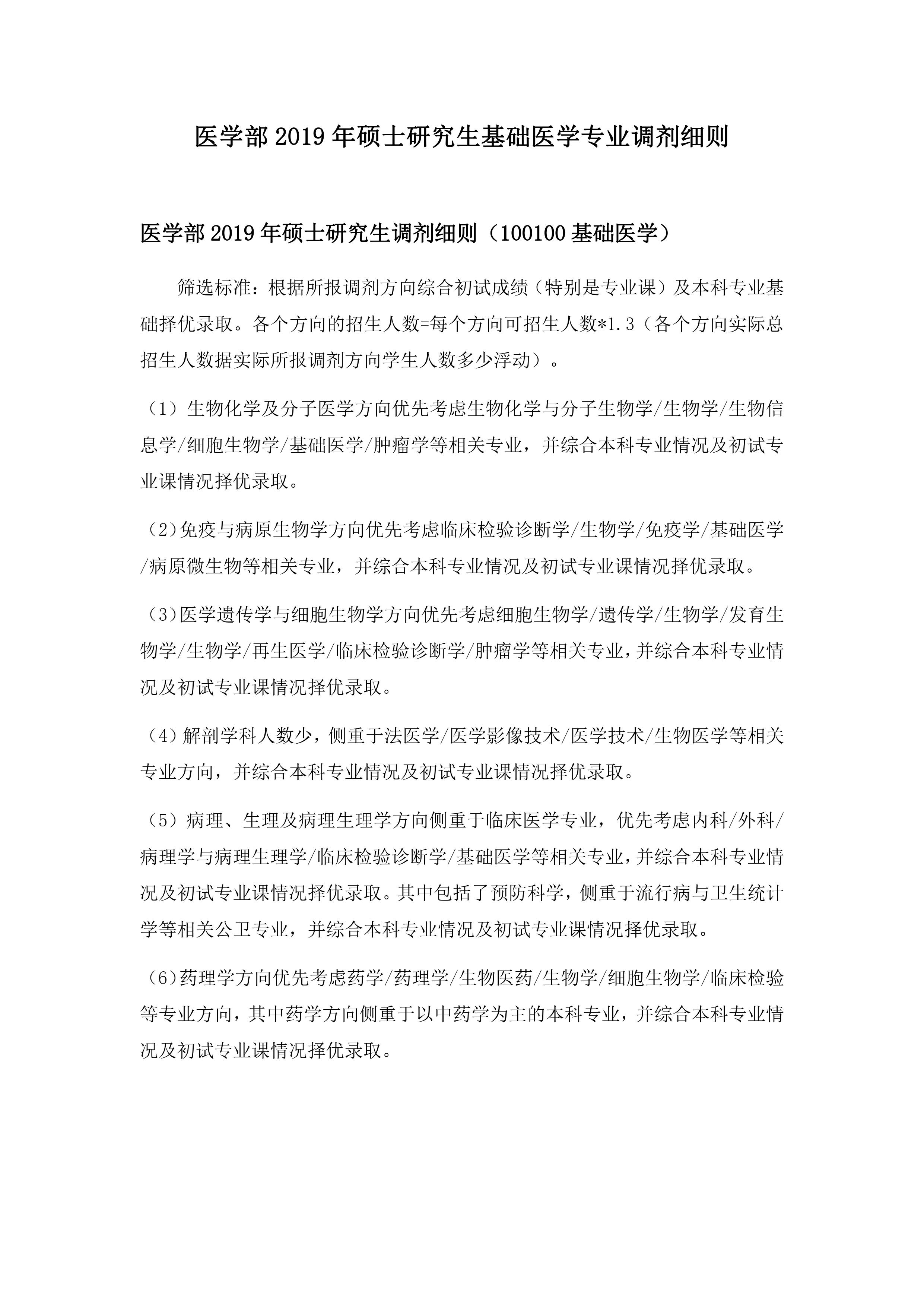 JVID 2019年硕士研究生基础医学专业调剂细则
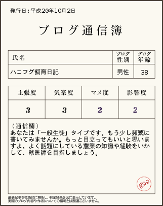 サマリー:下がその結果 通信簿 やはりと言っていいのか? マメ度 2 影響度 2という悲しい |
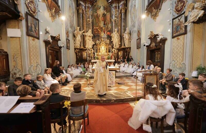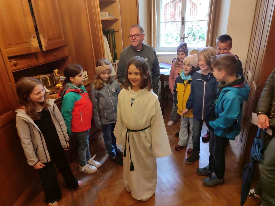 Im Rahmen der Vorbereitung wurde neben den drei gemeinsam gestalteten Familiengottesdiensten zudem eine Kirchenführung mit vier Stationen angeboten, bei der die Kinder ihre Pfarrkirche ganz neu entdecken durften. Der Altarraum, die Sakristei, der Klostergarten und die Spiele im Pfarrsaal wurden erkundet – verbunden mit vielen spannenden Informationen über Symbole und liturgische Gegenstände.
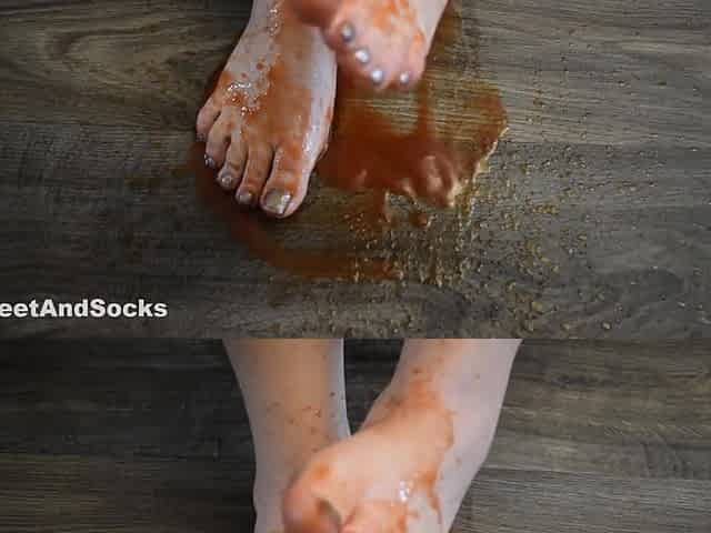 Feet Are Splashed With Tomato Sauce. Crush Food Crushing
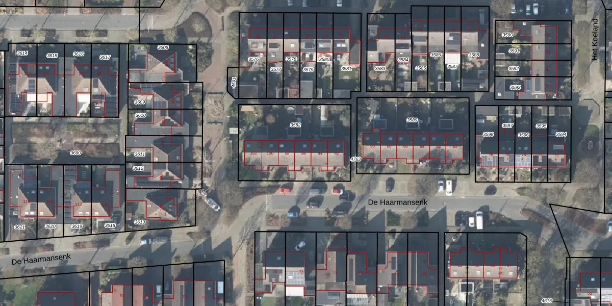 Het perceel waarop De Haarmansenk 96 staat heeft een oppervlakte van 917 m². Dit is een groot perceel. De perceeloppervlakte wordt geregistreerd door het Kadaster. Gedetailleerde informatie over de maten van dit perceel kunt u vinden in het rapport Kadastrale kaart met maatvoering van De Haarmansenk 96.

## HOW TO COMPLETE THIS TASK
Once the images are dropped, set down the remaining material word for word.

## TASK ANSWER
 JVID 2019年硕士研究生基础医学专业调剂细则
 サマリー:下がその結果 通信簿 やはりと言っていいのか? マメ度 2 影響度 2という悲しい |
 Im Rahmen der Vorbereitung wurde neben den drei gemeinsam gestalteten Familiengottesdiensten zudem eine Kirchenführung mit vier Stationen angeboten, bei der die Kinder ihre Pfarrkirche ganz neu entdecken durften. Der Altarraum, die Sakristei, der Klostergarten und die Spiele im Pfarrsaal wurden erkundet – verbunden mit vielen spannenden Informationen über Symbole und liturgische Gegenstände.
 Feet Are Splashed With Tomato Sauce. Crush Food Crushing
 Het perceel waarop De Haarmansenk 96 staat heeft een oppervlakte van 917 m². Dit is een groot perceel. De perceeloppervlakte wordt geregistreerd door het Kadaster. Gedetailleerde informatie over de maten van dit perceel kunt u vinden in het rapport Kadastrale kaart met maatvoering van De Haarmansenk 96.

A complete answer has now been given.